Reduce first problem by measuring time as a function of input size:
T(n) = secs required for input of size n
Doesn't eliminate dependence on inputs altogether
there could be several inputs of the same "size"
(e.g., for n choose k, if size is defined as n)
More importantly, this doesn't eliminate "platform dependence"
There's a related, practical, consideration
T(n) might be very hard to predict exactly
Efficiency in terms of the number of basic computational steps
It may be more feasible to count how many "basic steps"
are required by a given computational procedure
Recall the towers of Hanoi algorithm:
solve(n, source, target, spare):
solve(n-1, source, spare, target);
moveTopDisk(source, target);
solve(n-1, spare, target, source);
The basic step here is moving one disk
In this case, it is possible to figure out exactly how many steps
are used by the above procedure in solving the size n problem
as an explicit function NumSteps(n)
However, for other procedures an exact count may not be easily found
Approximating the running time
It is common practice to describe running times by *bounding*
the number of basic steps T(n) required for inputs of size n
We may be able to show that T(n) is at most a certain number,
or to show that T(n) is at least a certain number
Example: the insertion sort algorithm
The computational task here is sorting an array
input: an array a[1..n] containing objects from a totally ordered set
output: a permuted version of the array a[1..n] with a[i]<=a[j] for i<j
procedure: for i = 2 to n {
current = a[i]
j = i-1
while (j>0) and (a[j] > current) {
a[j+1] = a[j]
j = j-1
}
a[j+1] = current
}
We discussed how insertion sort works on the array
{8, 2, 5, 3}
How fast is insertion sort?
We'll need to count "basic steps" for arrays of length n
The number of steps isn't always the same
e.g. for a sorted array like {1, 2, 3, 4},
insertion sort is faster than for an unsorted array
We'll try to figure out "best case" and "worst case" scenarios
Worst case running time of insertion sort
Worst case (maximum time) analysis provides an upper bound on T(n)

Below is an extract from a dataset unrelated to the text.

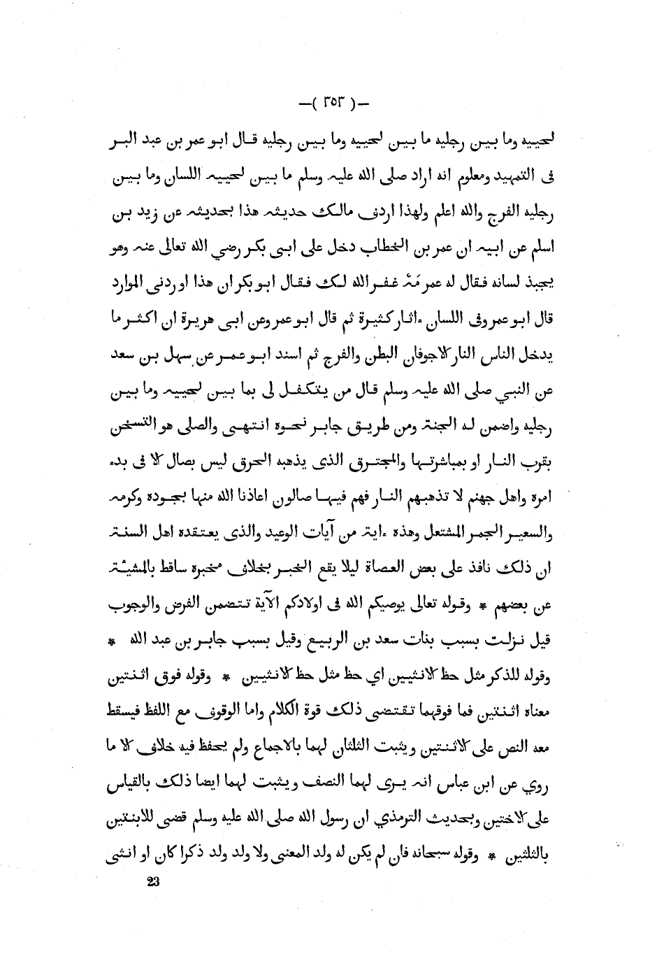 قال أبو عمر بن عبد البر في التمهيد ومعلوم أنه أراد صلى الله عليه و سلم ما بين لحييه اللسان وما بين رجليه الفرج والله أعلم ولهذا أردف مالك حديثه هذا بحديثه عن زيد بن أسلم عن أبيه أن عمر بن الخطاب دخل على أبي بكر رضي الله تعالى عنه وهو يجبذ لسانه فقال له عمر مه غفر الله لك فقال أبو بكر إن هذا أوردني الموارد قال أبو عمر وفي اللسان آثار كثيرة ثم قال أبو عمر وعن أبي هريرة أن أكثر ما يدخل الناس النار الأجوفان البطن والفرج ثم أسند أبو عمر عن سهل بن سعد عن النبي صلى الله عليه و سلم قال من يتكفل لي بما بين لحييه وما بين رجليه وأضمن له الجنة ومن طريق جابر نحوه انتهى والصلى هو التسخن بقرب النار أو بمباشرتها والمجترق الذي يذهبه الحرق ليس بصال إلا في بدء أمره وأهل جهنم لا تذهبهم النار فهم فيها صالون أعاذنا الله منها بجوده وكرمه والسعير الجمر المشتعل وهذه آية من آيات الوعيد والذي يعتقده أهل السنة أن ذلك نافذ على بعض العصاة ليلا يقع الخبر بخلاف مخبره ساقط بالمشيئة عن بعضهم وقوله تعالى يوصيكم الله في أولادكم الآية تتضمن الفرض والوجوب قيل نزلت بسبب بنات سعد بن الربيع وقيل بسبب جابر بن عبد الله وقوله للذكر مثل حظ الأثنيين أي حظ مثل حظ الأنثيين وقوله فوق اثنتين معناه اثنتين فما فوقهما تقتضي ذلك قوة الكلام وأما الوقوف مع اللفظ فيسقط معه النص علىالإثنين ويثبت الثلثان لهما بالإجماع ولم يحفظ فيه خلاف إلا ما روي عن ابن عباس أنه يرى لهما النصف ويثبت لهما أيضا ذلك بالقياس على الأختين وبحديث الترمذي أن رسول الله صلى الله عليه و سلم قضى للابنتين بالثلثين وقوله سبحانه فإن لم يكن له ولد المعنى ولا ولد ولد ذكرا كان أو أنثى

For insertion sort, the outer loop requires n-1 passes
The inner loop requires *at most* i-1 passes
total steps for inner loop at most 2*(i-1)
Total steps for outer loop is a sum over i=2...n of
3 + 2*(i-1)
Do the sum; total is
3*(n-1) + n*(n-1)
This is an upper bound
What is the *best-case* time complexity of insertion sort?
the for loop requires n-1 steps, no matter what
the best case occurs when a[i] is already >= a[i-1] (no passes)
actually, the loop test in the while requires at least 1 step
the assignments/test in the for loop require a total of 4 steps
conclusion: best-case complexity (running time) is 4(n-1)
Who cares about algorithm efficiency?
You should, especially if your programs will handle large instances
Sorting example (we looked at n choose k earlier)
Compare insertion sort against quicksort, a more sophisticated algorithm
(times below are in seconds on a really old machine)
n insertion quicksort
sort
1000 0.03 0
2000 0.11 .01
3000 0.24 "
4000 0.43 "
5000 0.67 "
6000 1.01 "
7000 1.36 .02
8000 1.8 .01
9000 2.32 .02
10000 2.9 .02
20000 12.22 .05
30000 27.45 .07
40000 .12
50000 .13
60000 .16
70000 .20
80000 .23
90000 .25
100000 ? .29
Observations
Not only is quicksort much faster than insertion sort,
its running time increases more slowly too
Can you estimate the running time for insertion sort
on an instance of size 100000 (question mark in table)?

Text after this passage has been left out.